'If you don't have apples and grapes, you can't enjoy Christmas'
Trinidad: Exotic apples and 'Christmas styling'
Christmas for Vincent Dobson as a child in Port of Spain, Trinidad, meant home-baked bread, boiled sweet ham, and "black cake" made with rum and dried fruits, followed by "music all weekend."
"And if you don't have apples and grapes, you can't enjoy Christmas," Dobson said. Apples were exotic because they didn't grow in Trinidad. "Mangoes, oranges, grapefruit, you can get all year round."
The music he called "Christmas styling," his voice rich with a Trinidad lilt he hasn't lost in 20 years in Iqaluit, plus as many in Montreal.
It meant carols and songs played with a calypso beat on the steel pan, guitar, cuatro (a small, four-string guitar) and any other instrument you could find – including your mother's pot cover or a grater.
Dobson, also known as "Bugsy," originally came to Iqaluit to fix cars, drove a taxi for years, and now works at the Oqota Men's Shelter.
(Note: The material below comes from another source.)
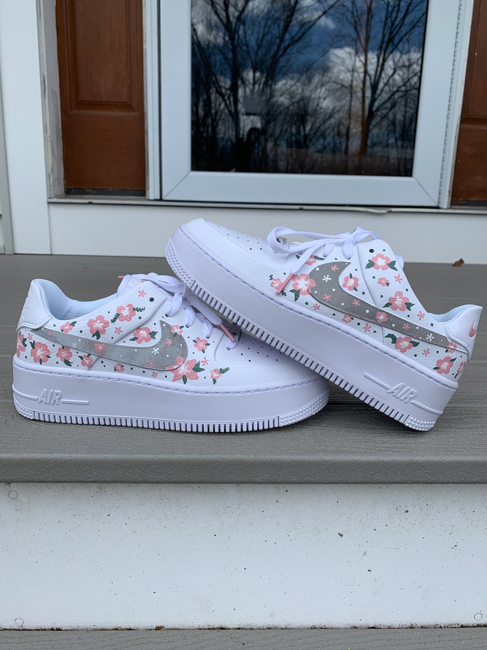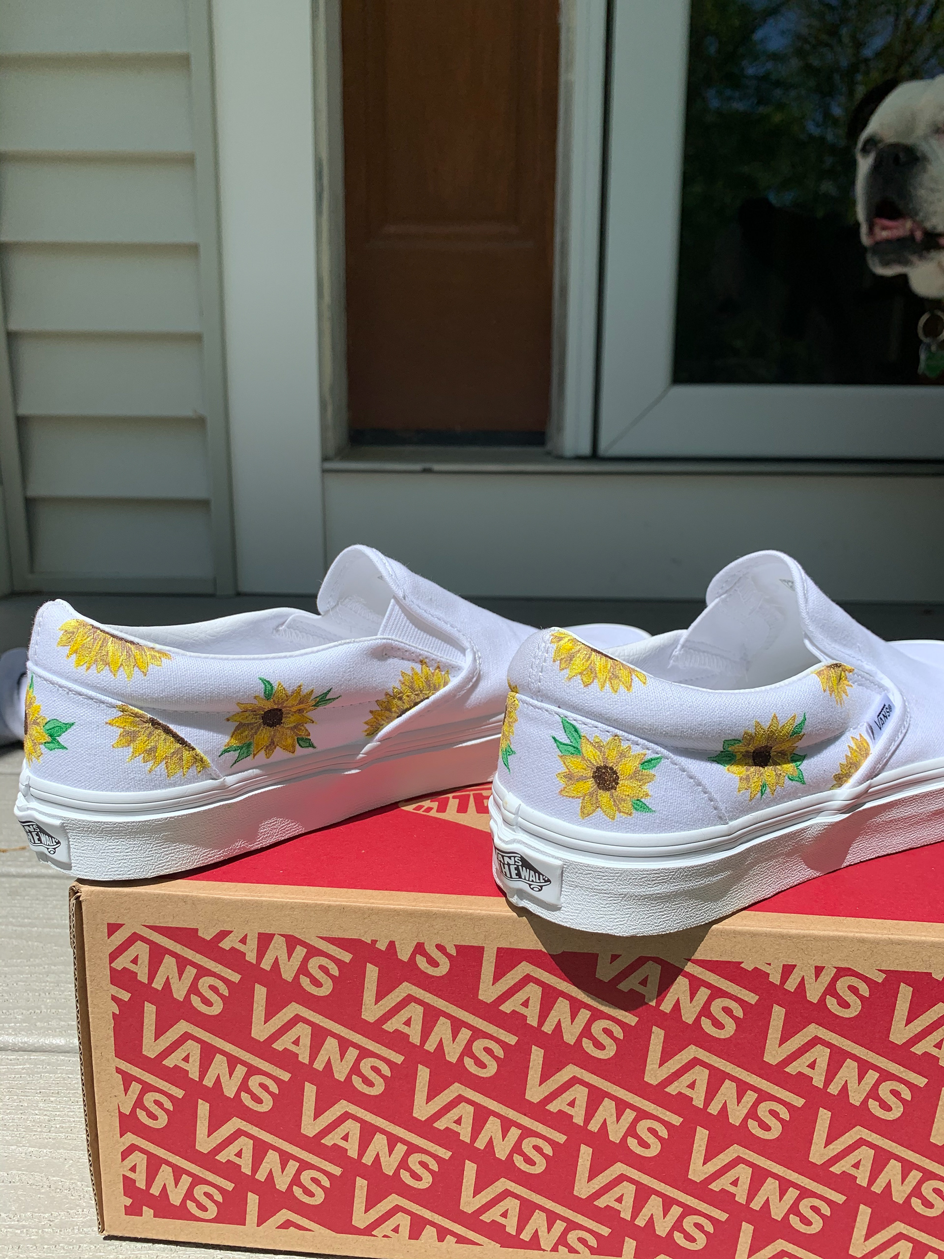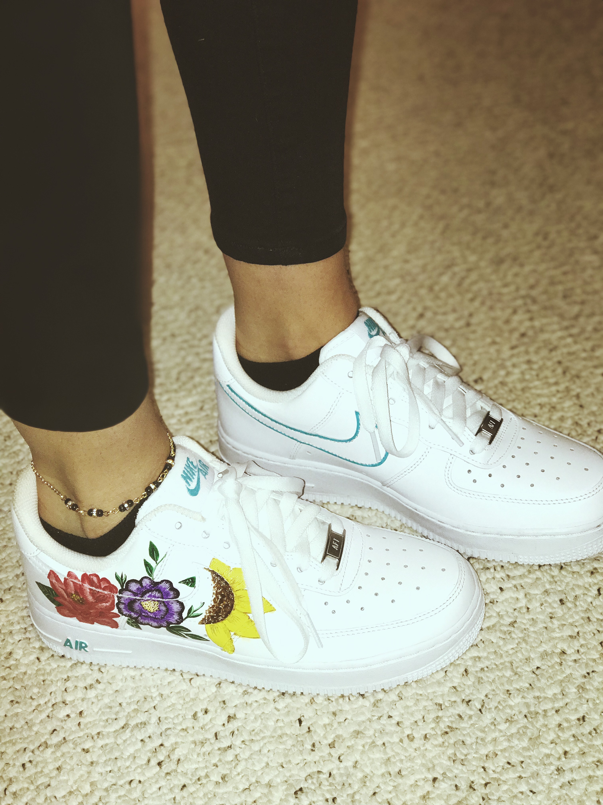 Mixed media creations, including custom sneaker art.

Preparations for a Trinidad Christmas began months before, when "all the nick-nacks and pictures came off the walls, and people painted the house," he said.
They cut a small deciduous bush with lots of branches, stripped off the leaves, painted it white or silver, and decorated it with cotton balls for snow.
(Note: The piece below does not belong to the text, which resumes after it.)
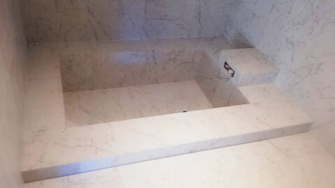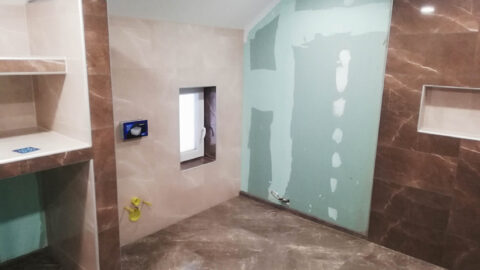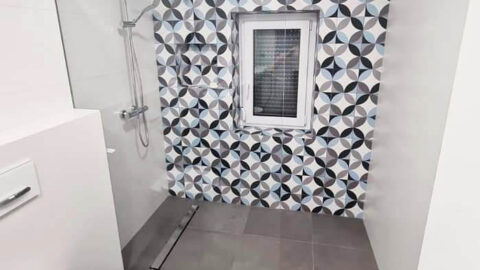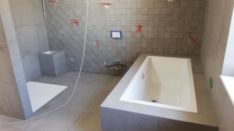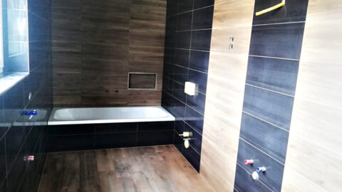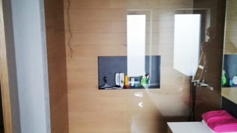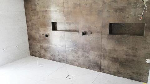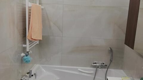 V svetli in prostorni kopalnici obloženi z velikoformatno k...

Christmas was all about family getting together, he said.
Midnight mass on Christmas eve at the local Roman Catholic church would kick it off, then more than 30 relations would gather in his mother's Port of Spain home for days of eating, drinking and making merry.
Christmas morning, after opening their stockings, Dobson and his cousins would run around the house "playing stick-em-up. Everybody got a water gun, or a caps gun," he recalled.